Um acidente de helicóptero no Estado do Espírito Santo vitimou há pouco tempo duas equipes médicas que retornavam de uma atividade de captação de órgãos para implantes. Recordar este fato é apenas uma forma de mostrar a angústia que envolve a espera por um órgão. Sim. Porque esse sentimento não é só do paciente que aguarda na fila. É também vivido pelos seus familiares e pelos médicos que acompanham o problema. As dificuldades que envolvem um transplantes são compreensíveis somente por aqueles que vivenciam a falta de soluções para qualificar um sistema há muito ultrapassado.
Quando recebemos a informação de que existe um órgão para captação, desencadeia-se uma operação de guerra: mobilizar as equipes, chamar os primeiros da fila realizar a aproximação da compatibilidade e garantir a reserva de sangue e vaga nos leitos de terapia intensiva para o pós operatório.
Na fila, os que aguardam um rim estão em terapia renal substitutiva (hemodiálise) e a realização do procedimento em si exige equipamentos e insumos caros: cujos valores continuam elevados no pós-operatório tanto imediato quanto tardio, por conta do uso de imunossupressores e de seu controle.
Durante uma captação, entram em ação duas equipes: uma que capta e outra que prepara e inicia o procedimento no receptor. Em contrapartida, hoje, a legislação que rege a formação de novos quadros é restritiva, uma vez que só permite participar de transplantes quem estiver habilitado pela Central de Notificação, Captação e Distribuição de Órgãos. Ora, como formar e treinar alguém sem permitir que essas pessoas participem do processo previamente?
Outro aspecto que necessita tratamento diferenciado é a remuneração dos profissionais envolvidos, sobretudo porque professores não podem receber horas extras ou dar plantões e, por lei, o funcionário público não pode receber adicionais pecuniários pelo procedimento.
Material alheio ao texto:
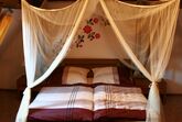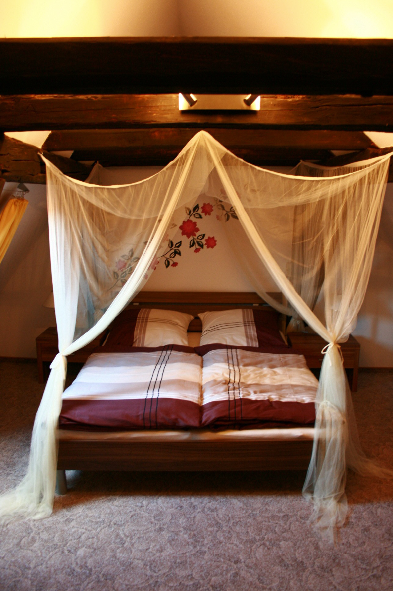 Das romantisches Himmelbettzimmer (Doppelbett)befindet sich im Spitzdach unter der Kulisse des historischen Gebälks des typisch fränkischen Fachwerkhauses, hinter dem Lesezimmer.

Por outro lado, não podem ficar exclusivamente à espera de doadores, já que desempenham outras atividades ligadas ao programa ou nos seus respectivos departamentos.
O chamado fígado marginal, que não se encontra em excelentes condições para implante, é outra variável dessa questão. Por oferecer risco extra de rejeição ou insucesso, durante um certo tempo este órgão foi descartado para implante, até que nos Estados Unidos começou a ser proposto condicionar seu uso à aceitação do paciente, principalmente entre portadores de câncer de fígado que não estavam entre os primeiros da fila. Os critérios dessa prática, que pode salvar muitas vidas, já estão estabelecidos e devem se tornar públicos para todos que precisam de um órgão.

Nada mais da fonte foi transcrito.